„Lesen ist überhaupt nicht mühselig. Man kann in andere Welten eintauchen!“

Peer Bartz, 6a, Bundesfinalist des 66. Vorlesewettbewerbs

Peer Bartz schafft es beim Vorlesewettbewerb bis zum Bundesfinale / Ein Interview über den Reiz des Lesens, Aufregungsbewältigung und Blicke hinter die Kulissen im Fernsehstudio

551.372 Schüler aus 25.094 sechsten Klassen von 7.080 Schulen in ganz Deutschland. Es sind beeindruckende Zahlen, mit denen der 66. Vorlesewettbewerb aufwarten kann. Jetzt, am 25. Juni, fand das Bundesfinale in Berlin statt. Mit dabei: 1 Schüler, Klasse 6a, Albert-Schweitzer-Schule. Sein Name:  Peer Emil Søren Bartz. Peers Weg beim Vorlesewettbewerb hatte ihn vom Schulentscheid über den Kreisentscheid, den Landeswettbewerb bis hin zum Bundesfinale gebracht. Eine äußerst bemerkenswerte Leistung, von der bereits die beeindruckenden Zahlen am Anfang zeugen, denn nur 16 Schülerinnen und Schüler von 551.372 Teilnehmern lasen sich mit ihrem Vortragstalent bis ins Bundesfinale nach Berlin. Doch Peers Erfolg ist mehr als trockenes Zahlenwerk. Im folgenden Interview möchten wir uns einen Eindruck verschaffen: Wer ist das, der es von der ASS so weit geschafft hat? Wer kann denn so gut lesen? Und warum? Und wie hört sich das an? Was ist beim Lesen wichtig? Und: Was liest er denn so? Im Interview stellt sich Peer unseren neugierigen Fragen.

Hallo Peer. Du hast in der letzten Zeit viele Schlagzeilen gemacht, einmal durch deine Teilnahme an vielen Projekten und Wettbewerben an der Schule – erst vergangenen Freitag wurdest du vom Förderverein gewürdigt -, dann aber gerade durch deine Erfolge beim Vorlesen. Für die, die noch nicht von dir gehört haben – könntest du dich kurz vorstellen?

STECKBRIEF PEER

Ja klar.
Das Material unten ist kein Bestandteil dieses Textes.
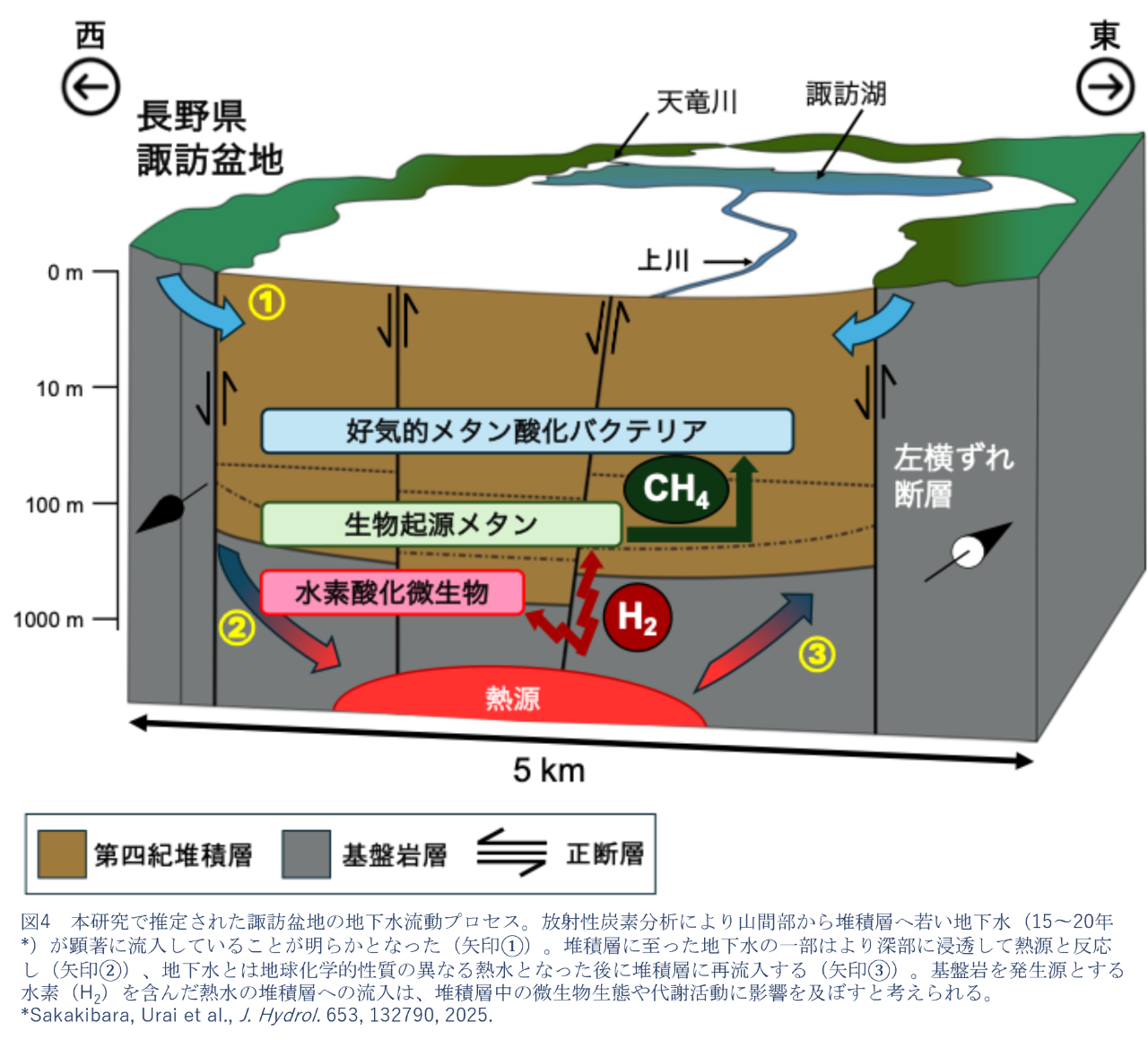 そこで本研究では諏訪盆地の地下水・温泉水を対象に微生物相の網羅的な解析を行い、有機物に富んだ堆積層にはメタンを酸化するバクテリア、熱源を伴う深部の基盤岩層(最大深度〜1,000 m)の温泉水には、水素を酸化してエネルギー獲得を行う水素資化性のバクテリア・アーキア※3,※4が優占することを明らかにしました。また、水循環を規格化する化学トレーサーとして、放射性炭素同位体分析※5を含む溶存成分の精密な化学分析を行い、諏訪盆地における天水(てんすい)※6と地下水の時空間的な流動プロセスを明らかにしました。本成果は、プレート境界での断層活動に伴う地下環境の水素給源と微生物生態との相互作用の理解に大きく貢献するものと期待されます。
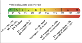 In einer Immobilienanzeige sind bei Verkauf und Vermietung eines Wohngebäudes Angaben zu den energetischen Kennwerten des Gebäudes anzugeben. Dies beinhaltet auch die Angabe der Energieeffizienzklasse (Klassen A+ bis H).
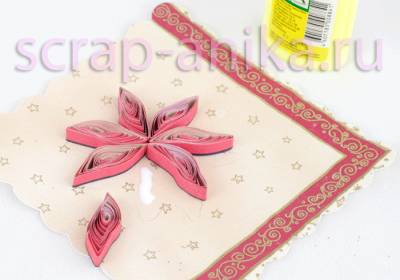 6. Теперь на бумаге выкладываю готовый цветок, намечаю лепестки карандашом и клеем ПВА проклеиваю места, на который потом буду клеить лепестки.
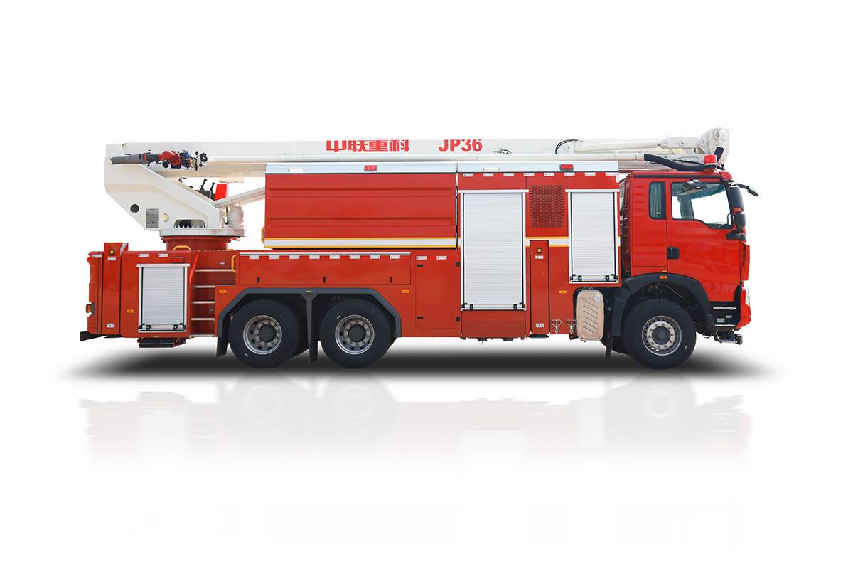中聯(lián)牌36米舉高噴射消防車(以下簡稱高噴車)是一種消防高空滅火裝備,主要用于城鎮(zhèn)、工礦企業(yè)高層建筑以及石油、化工、油罐、倉庫等高大建筑物的火災(zāi)撲救。該車選用重汽HOWO專用底盤改裝,裝備美國希爾RSD100型中低壓消防泵,整車外形美觀、動力強(qiáng)勁、操作方便、作戰(zhàn)速度快、射程遠(yuǎn)、流量大。本高噴車可全方位回轉(zhuǎn),各機(jī)構(gòu)性能均由液壓驅(qū)動,操作簡便靈活,消防實(shí)戰(zhàn)滅火作業(yè)時展開迅速,運(yùn)作平穩(wěn),安全可靠。本車帶有水罐、消防泵,臂架頂端的消防炮射程遠(yuǎn),流量大,即可打直流,又可噴霧,可以在距火源較遠(yuǎn)的位置獨(dú)立完成救火作業(yè),是當(dāng)今世界上較理想的高空消防滅火裝備。
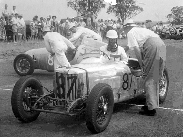 Doug Chivas MG Special # 87 and a young Jack Brabham in the background pushing his # 8 Cooper HRD on to the starting grid.
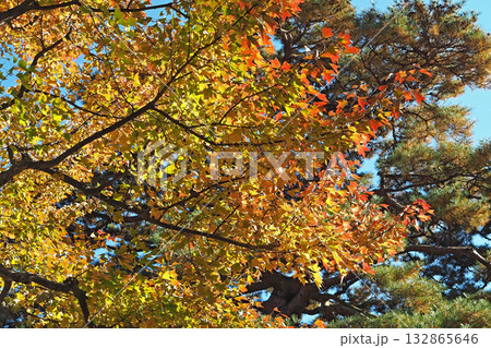 皇居 乾通りの美しい紅葉と青空(東京都千代田区)
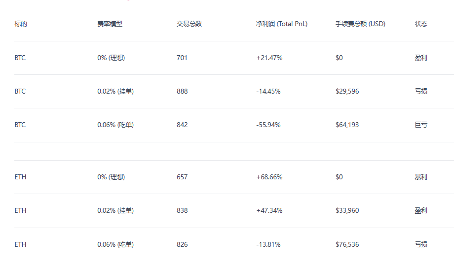 ETH 的波动率红利:ETH 展现了更强的爆发力。在理想状态下(0% 费率),其 68.66% 的收益率远超 BTC。这种高波动特性使得 ETH 在 0.02% 的 Maker 费率下依然能保持 47.34% 的可观收益。
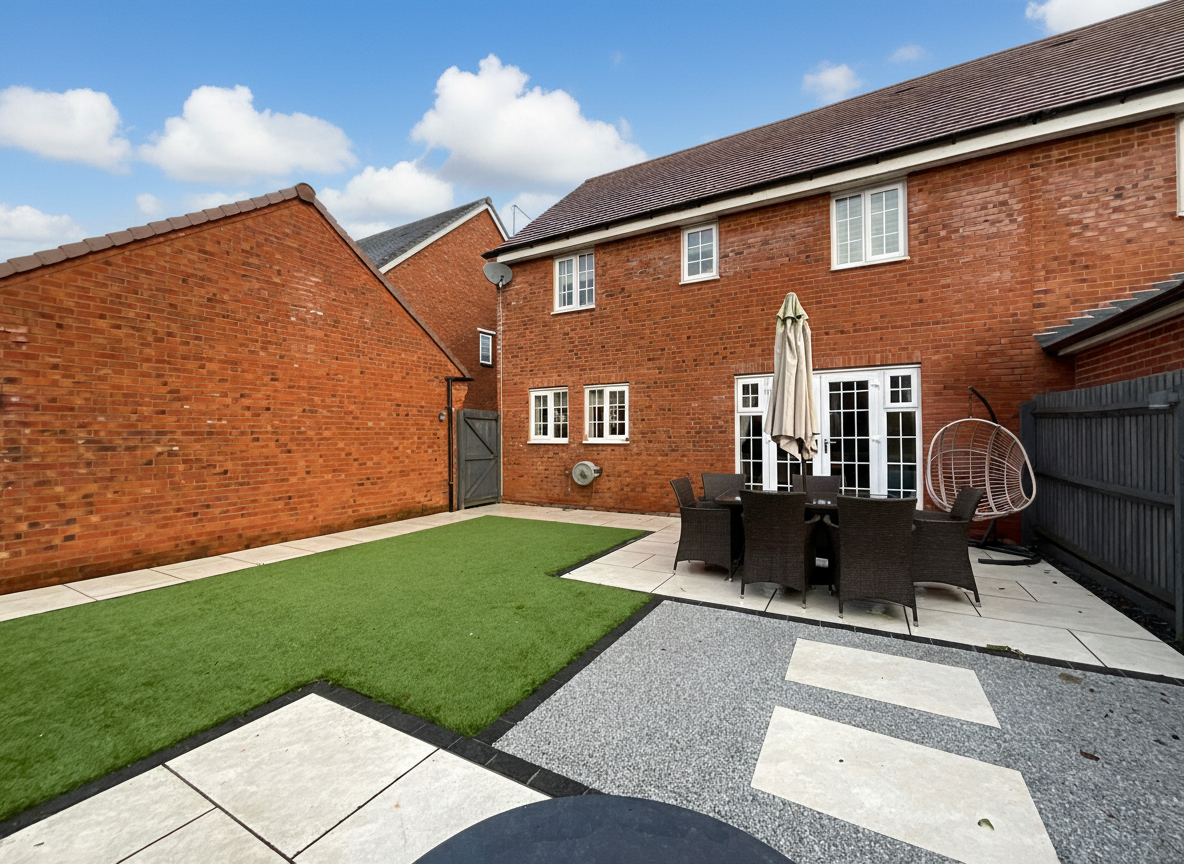 - Landscaped, South-facing rear garden boasting contemporary patio seating spaces and a lush artificial lawn.
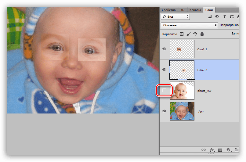 Сейчас очень четко видно границы слоя с глазами. Давайте их растушуем.
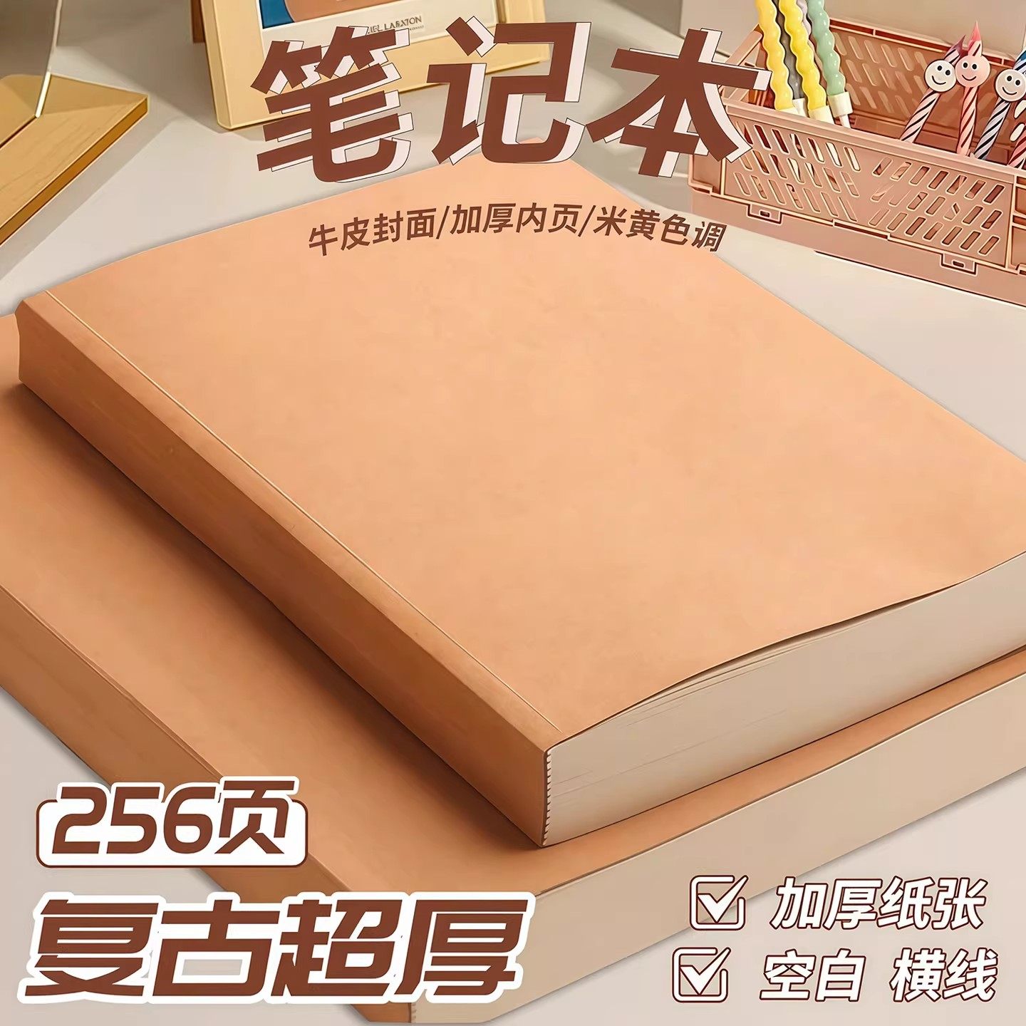 复古牛皮纸笔记本子空白本简约记事本高颜值A5草稿本加厚横线内页

Ich heiße Peer Emil Søren Bartz. Ich lese gerne, interessiere mich aber auch für andere Dinge. Mathematik, Physik, Naturwissenschaften überhaupt. Ich habe noch erwachsene Halbgeschwister, die sind aber schon über 30. Zwei Brüder und zwei Schwestern.

Peer mit seiner Siegerurkunde des Landesentscheides in der Hand vor dem Landtag.

Manchmal hat man den Eindruck, dass – obwohl es viele begeisterte Bücherwürmer unter Schülern gibt – das iPad oder Handy die Aufmerksamkeit vieler Schüler fesselt, weniger das Buch. Was hat dich zum Lesen gebracht?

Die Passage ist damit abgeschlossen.